Tour guide: Count yourselves lucky, my prescription just got renewed this morning.

Tour guide: And now to our left, ladies and gentlemen, is the famous Richards Majestic Studios. The product placement for classics like Nelson in Naples, and Rum Runner; and the not-so-classics like Vinewood Zombie and Shoulder of Orion Two, was shoe-horned into the final edits right behind those very gates. Everyone has a favorite Solomon Richards movie. An American Divorce really helped me through a difficult time when I was bankrupting my first husband. Oh, come on, don't people in the Midwest watch movies? You must have seen Defender of the Faith? No? Wow, tough crowd.

Tour guide: Just up ahead on the right is where Delancey Medua's septum fell out after a ketamine party.

Tour guide: Remember – these people are rich and beautiful, and that makes them better than us.

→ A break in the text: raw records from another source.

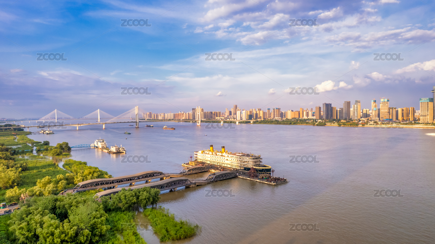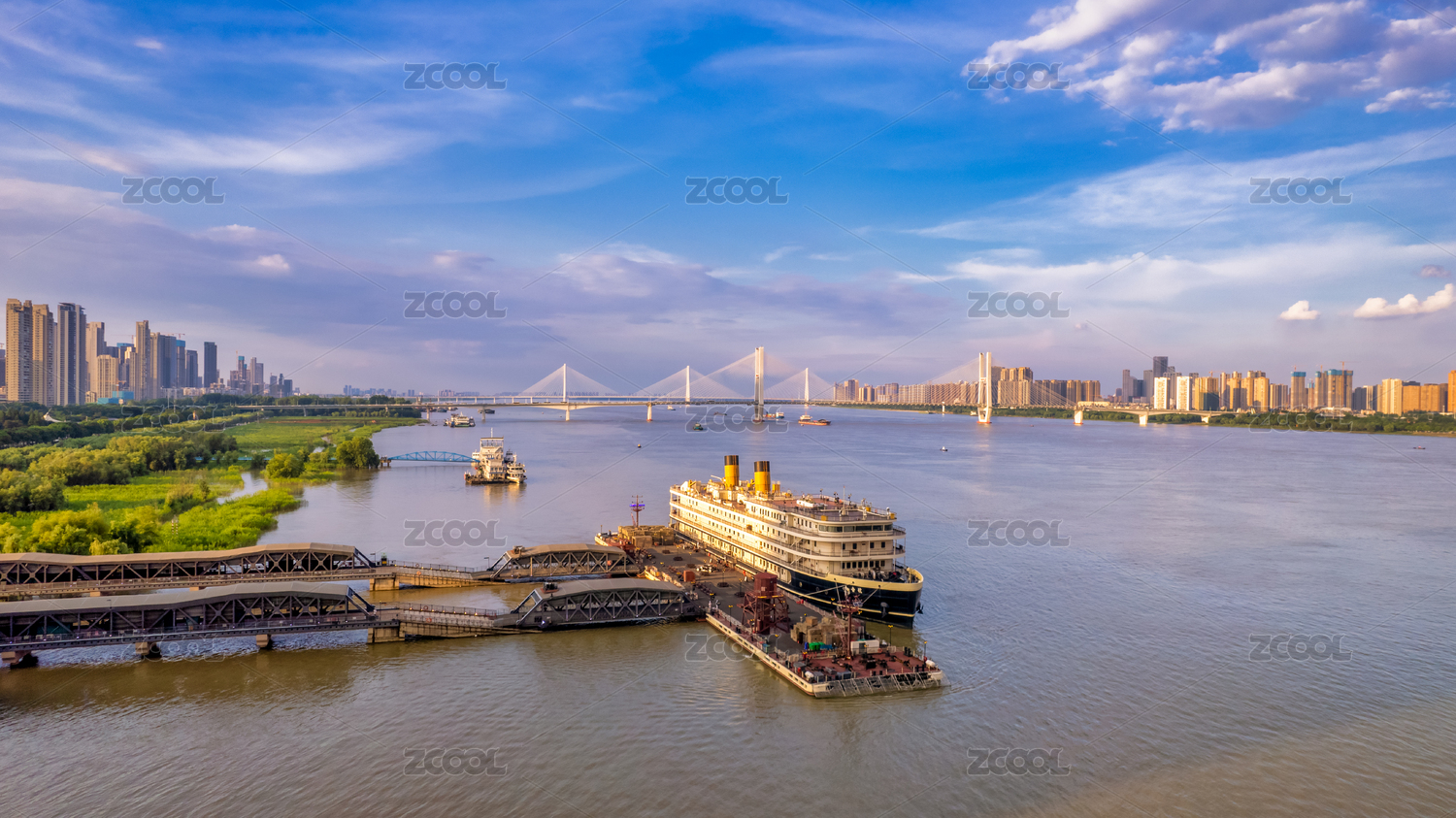 知音号,游轮,武汉,长江,武汉长江二桥,大桥,桥梁,船只,停靠,码头
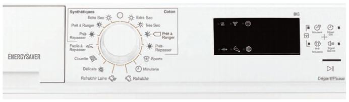 Nous avons répertorié ci-dessous les bandeaux de commande de nos sèche-linge.
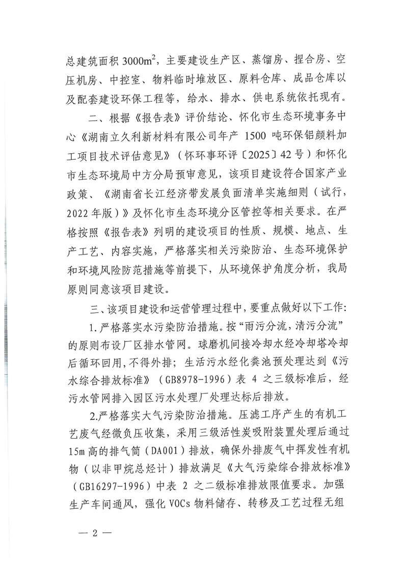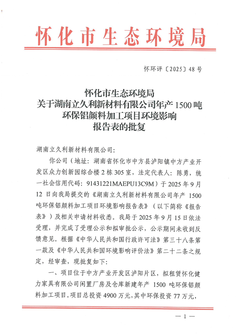 关于湖南立久利新材料有限公司年产1500吨环保铝颜料加工项目环境影响报告表批复
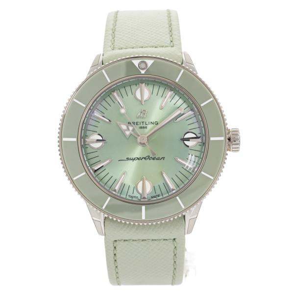Breitling Superocean Heritage 57 Pastel Paradise stainless steel automatic ladies watch. Mint green dial, case diameter: 38mm, wrist size: 17.5cm, Swiss made. Ref# A10340361L1X1. With Breitling mint green leather strap and clasp. With Breitling Quick Start Guide Warranty Card Holder and Breitling box. 3 month FSA warranty (As new, NOTE: minor scratches on case and light wear on strap due to being display stock.)
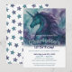 Fira en liten enas stora dag med denna drömmiga enhörningsfödelsedagsinbjudan med en rik teal- och lila alkoholbläckdesign. Helt anpassningsbar med ditt barns namn, ålder, festdetaljer och meddelande.
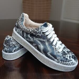 Bling Womans Jeweled Fashion Sneakers Stud Collar Snake Skin Texture Bella Luna
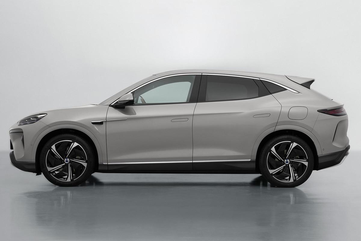 新車的側面設計呈現出低矮且飽滿的車身姿態,車頂的下滑式設計增強了運動感。車窗上方的細長鍍鉻飾條增添了精致感,車門上的兩條平行腰線設計提升了層次感,輪眉的外擴線條增加了車身的飽滿感。車尾設計鋒利,車頂的平直擾流板和鏤空式尾翼造型強化了運動定位,傾斜的擋風玻璃使尾門更加顯眼,貫穿式尾燈細長且內部光源設計提升了車輛的視覺寬度。保險杠兩側的熏黑進氣口和底部的大面積熏黑飾板,使得車尾看起來更加厚重。
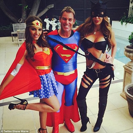 | Vận động viên cricket huyền thoại người Australia mặc trang phục siêu nhân chụp ảnh cùng với hai cô gái khi đón năm mới. |
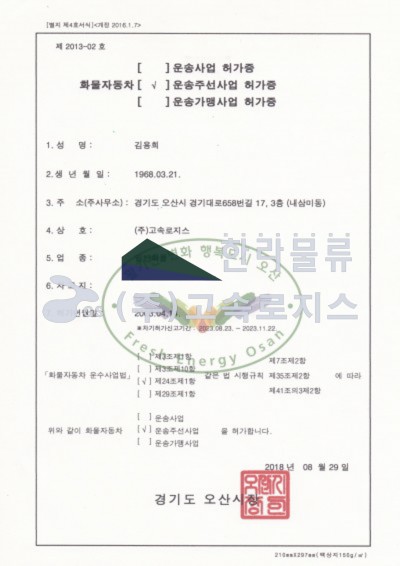 고속로지스 운송사업허가증
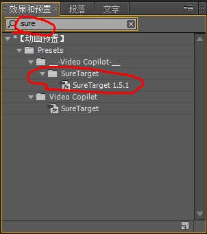 预置安装方法:把文件夹“__-Video Copilot-__”整个复制到你AE(Adobe\Adobe After Effects CS5\Support Files)的support files下的 Presets 文件夹下,然后打开AE,在预置/效果搜索窗口输入sure target就可以看到了
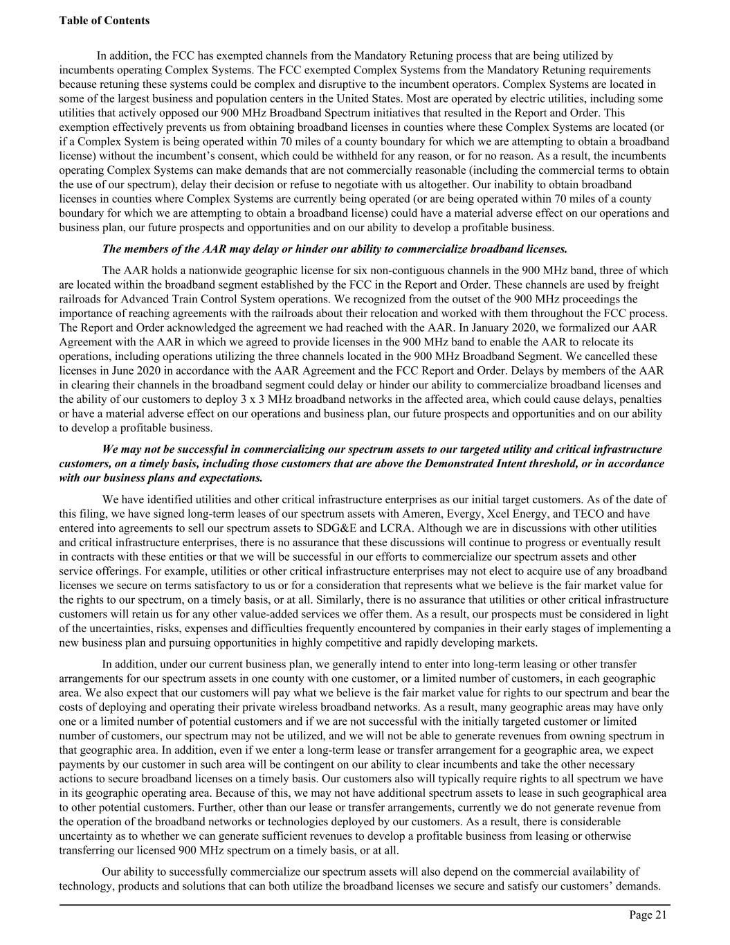In addition, the FCC has exempted channels from the Mandatory Retuning process that are being utilized by incumbents operating Complex Systems. The FCC exempted Complex Systems from the Mandatory Retuning requirements because retuning these systems could be complex and disruptive to the incumbent operators. Complex Systems are located in some of the largest business and population centers in the United States. Most are operated by electric utilities, including some utilities that actively opposed our 900 MHz Broadband Spectrum initiatives that resulted in the Report and Order. This exemption effectively prevents us from obtaining broadband licenses in counties where these Complex Systems are located (or if a Complex System is being operated within 70 miles of a county boundary for which we are attempting to obtain a broadband license) without the incumbent’s consent, which could be withheld for any reason, or for no reason. As a result, the incumbents operating Complex Systems can make demands that are not commercially reasonable (including the commercial terms to obtain the use of our spectrum), delay their decision or refuse to negotiate with us altogether. Our inability to obtain broadband licenses in counties where Complex Systems are currently being operated (or are being operated within 70 miles of a county boundary for which we are attempting to obtain a broadband license) could have a material adverse effect on our operations and business plan, our future prospects and opportunities and on our ability to develop a profitable business. The members of the AAR may delay or hinder our ability to commercialize broadband licenses. The AAR holds a nationwide geographic license for six non-contiguous channels in the 900 MHz band, three of which are located within the broadband segment established by the FCC in the Report and Order. These channels are used by freight railroads for Advanced Train Control System operations. We recognized from the outset of the 900 MHz proceedings the importance of reaching agreements with the railroads about their relocation and worked with them throughout the FCC process. The Report and Order acknowledged the agreement we had reached with the AAR. In January 2020, we formalized our AAR Agreement with the AAR in which we agreed to provide licenses in the 900 MHz band to enable the AAR to relocate its operations, including operations utilizing the three channels located in the 900 MHz Broadband Segment. We cancelled these licenses in June 2020 in accordance with the AAR Agreement and the FCC Report and Order. Delays by members of the AAR in clearing their channels in the broadband segment could delay or hinder our ability to commercialize broadband licenses and the ability of our customers to deploy 3 x 3 MHz broadband networks in the affected area, which could cause delays, penalties or have a material adverse effect on our operations and business plan, our future prospects and opportunities and on our ability to develop a profitable business. We may not be successful in commercializing our spectrum assets to our targeted utility and critical infrastructure customers, on a timely basis, including those customers that are above the Demonstrated Intent threshold, or in accordance with our business plans and expectations. We have identified utilities and other critical infrastructure enterprises as our initial target customers. As of the date of this filing, we have signed long-term leases of our spectrum assets with Ameren, Evergy, Xcel Energy, and TECO and have entered into agreements to sell our spectrum assets to SDG&E and LCRA. Although we are in discussions with other utilities and critical infrastructure enterprises, there is no assurance that these discussions will continue to progress or eventually result in contracts with these entities or that we will be successful in our efforts to commercialize our spectrum assets and other service offerings. For example, utilities or other critical infrastructure enterprises may not elect to acquire use of any broadband licenses we secure on terms satisfactory to us or for a consideration that represents what we believe is the fair market value for the rights to our spectrum, on a timely basis, or at all. Similarly, there is no assurance that utilities or other critical infrastructure customers will retain us for any other value-added services we offer them. As a result, our prospects must be considered in light of the uncertainties, risks, expenses and difficulties frequently encountered by companies in their early stages of implementing a new business plan and pursuing opportunities in highly competitive and rapidly developing markets. In addition, under our current business plan, we generally intend to enter into long-term leasing or other transfer arrangements for our spectrum assets in one county with one customer, or a limited number of customers, in each geographic area. We also expect that our customers will pay what we believe is the fair market value for rights to our spectrum and bear the costs of deploying and operating their private wireless broadband networks. As a result, many geographic areas may have only one or a limited number of potential customers and if we are not successful with the initially targeted customer or limited number of customers, our spectrum may not be utilized, and we will not be able to generate revenues from owning spectrum in that geographic area. In addition, even if we enter a long-term lease or transfer arrangement for a geographic area, we expect payments by our customer in such area will be contingent on our ability to clear incumbents and take the other necessary actions to secure broadband licenses on a timely basis. Our customers also will typically require rights to all spectrum we have in its geographic operating area. Because of this, we may not have additional spectrum assets to lease in such geographical area to other potential customers. Further, other than 
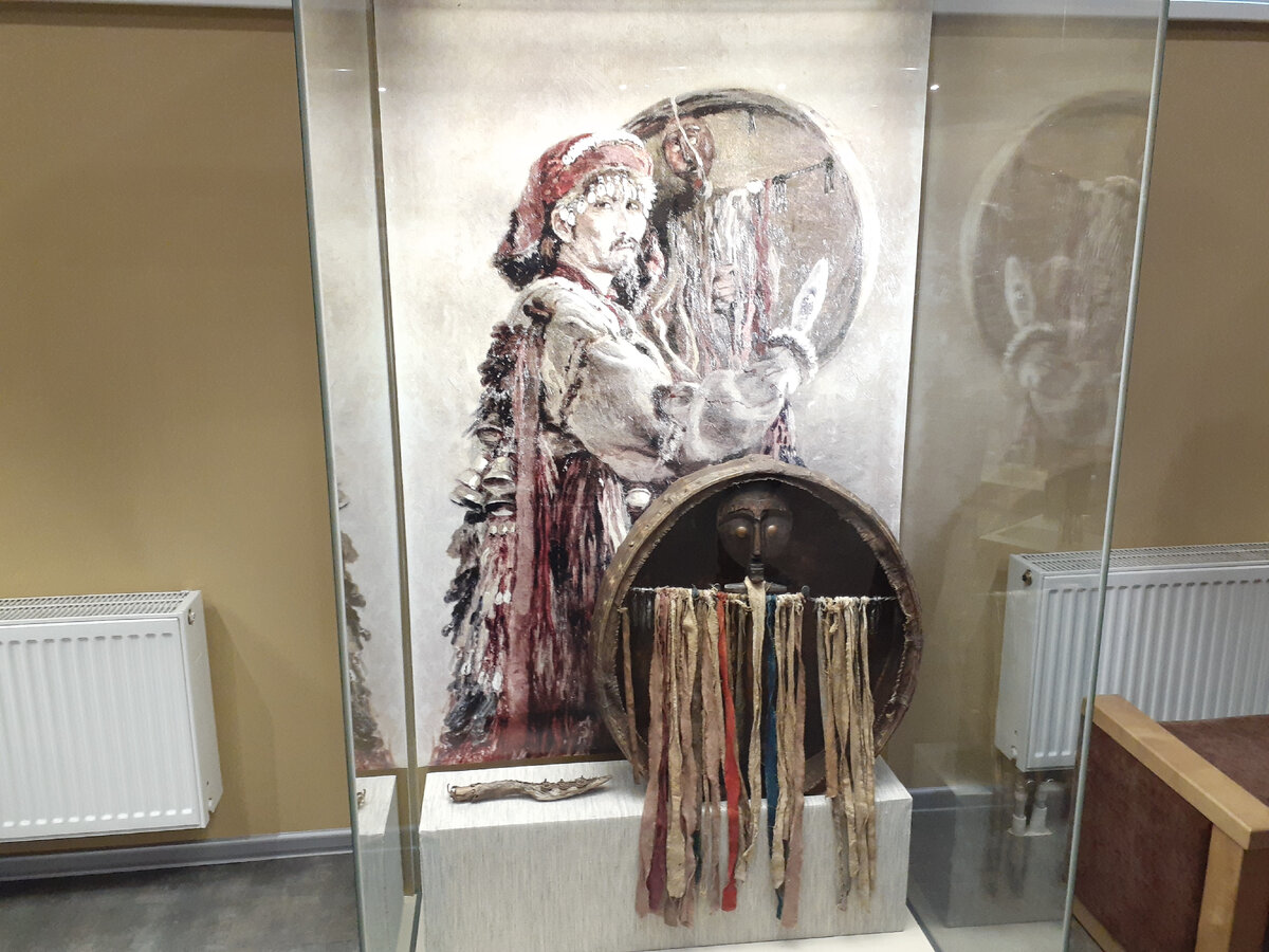 Итак, мы в национальном музее. Начало. Традиционная религия алтайцев - шаманизм. Есть верхний (небесный) мир, средний (земной) и нижний (подземный). Шамана выбирают сами духи и он общается с ними. Бубен шамана. Бубен сам шаман не изготавливал. Духи указывали шаману, из какого дерева и кожа какого животного должны быть взяты для изготовления бубна. Бубен изготавливали только мужчины по выбору будущего шамана. Заселение Горного Алтая русскими первопроходцами. Это были, в основном, старообрядцы. Жили замкнуто. Изба, хозяйственные постройки, огород. Двор был окружен изгородью. Идем дальше. Внизу - традиционное жилище алтайцев (аир). В 1993 году при раскопках кургана Ак-Алаха-3 на плоскогорье Укок была обнаружена мумия женщины. Ее назвали принцессой Укока или Алтайской принцессой. Мумия хорошо сохранилась, потому что была замурована в слое льда. Захоронение сделано в V-III веках до нашей эры. Реконструкция захоронения. Справа - кони. Сама мумия находится в саркофаге. Дни показов вычисляются
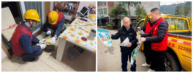 社区里,志愿者们迅速转换角色,成为电力安全“排查官”与贴心“讲解员”。在悦城、新桥、张家湾等社区,技术服务组的志愿者们深入独居老人、残障人士家中,以专业的技术和高度的责任感,仔细排查室内线路老化、插座接触不良等隐患。他们当场更换老旧开关,维修小家电,让这些特殊群体的生活用电更加安全可靠。78岁的王大爷激动地紧握着志愿者的手,满含感激地说道:“连烤火炉都帮我修好,太贴心啦!”与此同时,安全宣传组在小区广场设立咨询台,通过发放宣传手册、现场演示等方式,向居民普及安全用电、绿色能源及森林防灭火知识。此次活动共发放宣传资料500余份,现场解答居民咨询100余人次,进一步提升了居民的安全意识和环保理念。
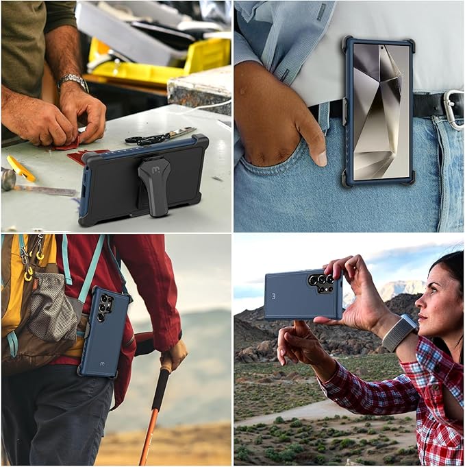 - 360° ROTATING HOLSTER CLIP FOR OUTDOOR & INDOOR - Detachable rotating holster conveniently attaches to your belt or bag, allowing you to keep your device accessible and secure, this Samsung Galaxy S24 Ultra case with belt clip is wonderful for outdoor activities and men. The Holster Clip can also be converted into a kickstand for a hands-free way to watch videos with ease.
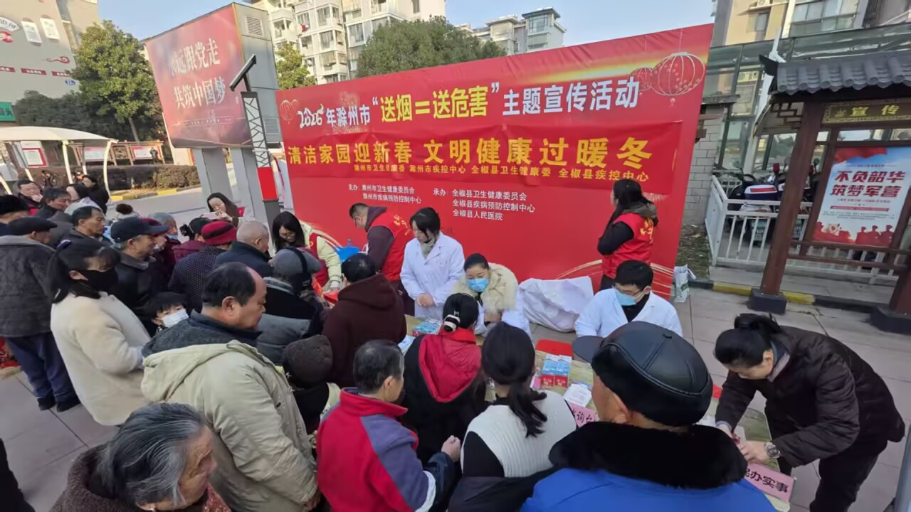 2月4日上午,由滁州市卫健委、滁州市疾控中心主办,全椒县卫健委、县疾控中心及县人民医院联合承办的2026年“送烟=送危害”控烟宣传活动,在全椒县城南居委会广场温情启幕,为辖区居民送上新年健康“大礼包”,让控烟理念深入人心。
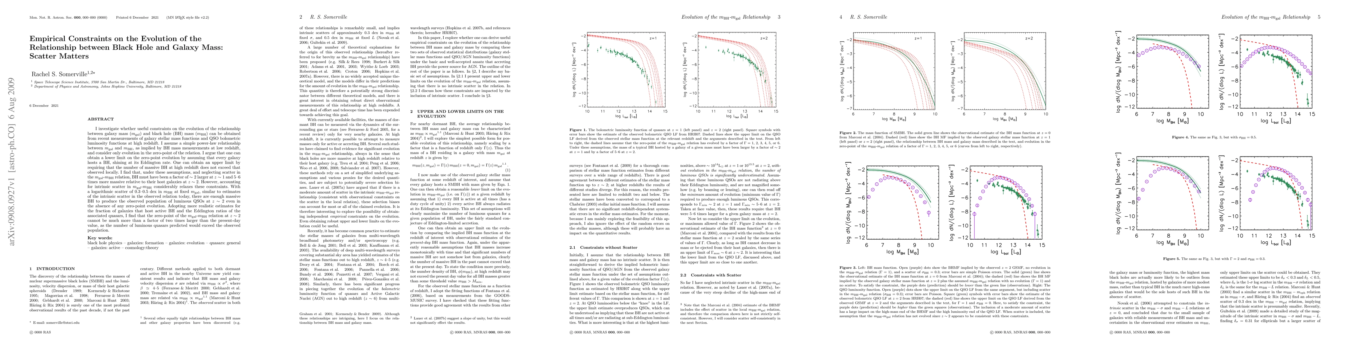 This paper examines the evolution of the relationship between black hole and galaxy mass, finding that intrinsic scatter in this relationship significantly relaxes the constraints on zero-point evolution. Without scatter, black holes would need to be much more massive relative to their host galaxies at high redshifts; however, with a realistic scatter of 0.3 to 0.5 dex, the observed quasar population can be explained without significant evolution.
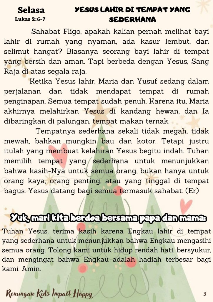 Tuhan Yesus, terima kasih karena Engkau lahir di tempat yang sederhana untuk menunjukkan bahwa Engkau mengasihi semua orang. Tolong kami untuk hidup rendah hati, bersyukur, dan mengingat bahwa Engkau adalah hadiah terbesar bagi kami. Amin.

Tour guide: Okay people, get those cameras out – this is Portola Drive. You won't get a better chance to spot a celebrity in its natural habitat. As you can see, the recession hasn't hit this part of town very hard. These are some of the most offensively high-end designer stores in the country. And now, some fun trivia for you; there have been a number of movies shot on Portola Drive. Mostly awful ones about rich idiots. Including the blockbuster 2005 romantic comedy Shoe Whore, that's credited with sending women's rights back fifty years. The store we're passing now is where British star Charlotte Crown was caught on film in the changing room eating and purging the same burrito over and over again. Just like a dog.

Tour guide: This is the Epsilon Center. Anyone with red hair, please cover it for your own safety. If you really want to meet a famous celebrity, this place is packed full of them. Take an introductory course. It... it changed my life. Kifflom!

Tour guide: Keep those cameras out and fingers on the trigger – celebs are skinny and fast.

Tour guide: To the left, you'll see a spot where a pizza boy claims that Clay PG Jackson asked him to remove his shorts.

Tour guide: You'll recognize this stretch of road from those videos of Jill Von Crastenburg with the Romanian shotput team.

Tour guide: Don't you just love people you've never met, and who would have you arrested if you came within ten feet of them?

Tour guide: And here is City Hall. This is where the mayor's office is, if any of you care. You might recognize this building from the twenty minute final dogfight to save Earth in the movie Invasion: Los Santos.

Tour guide: Please – refrain from taking photos of ethnic minorities. They could be gang members.

Tour guide: The next corner is where actor Scott Stephens famously prolapsed after a failed party trick.

Tour guide: Remember when Lazlow was arrested for masturbating with an eggplant and shouting at women? That happened right here.

Tour guide: And here we have the beautiful Oriental Theater. Riots broke out on the theater's opening night in 1928, as desperate fans tried to get up skirt shots of the legendary silent movie star Miriam Turner, much like you're doing today, except with really heavy cameras. My daughter tells me it isn't politically correct to say 'Oriental' any more, but considering some the other common terms for Asians in the 1920s, the name could have been a lot worse. There's a saying, that to go to Los Santos and not see the Oriental Theater is like going to China and not visiting a Burger Shot. I've never really understood what that means, but...

Tour guide: And here we are, back on the strip. As they say in Vinewood, that's a wrap, folks. I hope I managed to take your minds off the economic downturn for just a little while. I'd like to remind any Europeans that one percent is an insult, not a tip. Enjoy the rest of your vacation.